В последние выходные стажировки приехал Рикардо Лаверде. Он сделал это неожиданно, не предупредив и ни о чем не спрашивая, просто сел на поезд до Ла-Дорады, оттуда добрался до Капаррапи на автобусе, а там спросил, как найди гринго, о которых, разумеется, знала вся округа. Элейн не удивилась, что Лаверде и Майк Барбьери быстро поладили: Барбьери отпустил Элейн после обеда, чтобы она показала здешние места своему парню из Боготы (он так и сказал: «твоему парню из Боготы»), и они договорились вместе поужинать. Через несколько часов у костра в поле с кувшином гуарапо[41] Рикардо и Барбьери обнаружили, как много у них общего: оказалось, отец Барбьери был почтовым пилотом, а Рикардо не любил агуардьенте, они обнимались и говорили о самолетах, у Рикардо горели глаза, когда он рассказывал о летных курсах и своих учителях, затем пришла очередь Элейн похвалить Рикардо и повторить чужие комплименты его таланту пилота, потом Рикардо и Майк в ее присутствии говорили о том, какая она хорошая девушка, какая красавица, да, сказал Майк, у нее такие красивые глаза, особенно глаза, согласился Рикардо, и они хохотали и секретничали, как будто знали друг друга с детства, а не только что познакомились, пели «Потому что она отличный парень» и хором сетовали, что Элейн придется уехать в другое место, да пошла она, эта Ла-Дорада, да пошло оно все, они выпивали за Элейн и за Корпус мира, потому что мы все отличные ребята, и нечего тут спорить. На следующий день, несмотря на головную боль, Майк Барбьери проводил их до автобуса.

Все трое добрались до города верхом, как переселенцы в старину (хотя на таких тощих кляч переселенцы не сели бы ни за что на свете), и в глазах Рикардо, который учтиво помогал ей нести багаж, Элейн увидела то, чего раньше не видела: восхищение. Восхищение ею, той легкостью, с которой она освоилась на новом месте, тем, как ее полюбили люди всего за три недели, с какой естественностью и в то же время неоспоримым авторитетом она объяснялась с местными жителями.
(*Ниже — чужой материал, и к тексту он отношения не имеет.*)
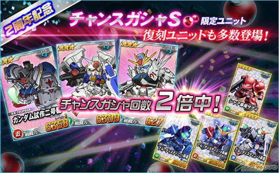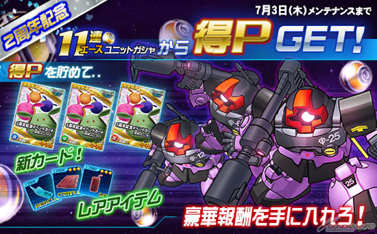 除了在王牌機體轉蛋中追加了「★3 次代鋼彈(MS)」、白金駕駛員轉蛋追加了「★3 諾里斯‧帕卡德」等卡片外,還開始舉辦紀念2周年的「2週連續 得P活動」。

Элейн увидела восхищение в его глазах и почувствовала, что любит его, что она неожиданно испытывает новое и более сильное чувство к этому мужчине, который, казалось, тоже любил ее, и она вдруг подумала, что наступил тот счастливый момент, когда Колумбии, похоже, уже нечем ее удивить. Правда, всегда может случиться что-нибудь непредвиденное, колумбийцам всегда удается оставаться непредсказуемыми (в поведении, в манерах: никогда не знаешь, о чем они думают на самом деле). Но Элейн контролировала ситуацию.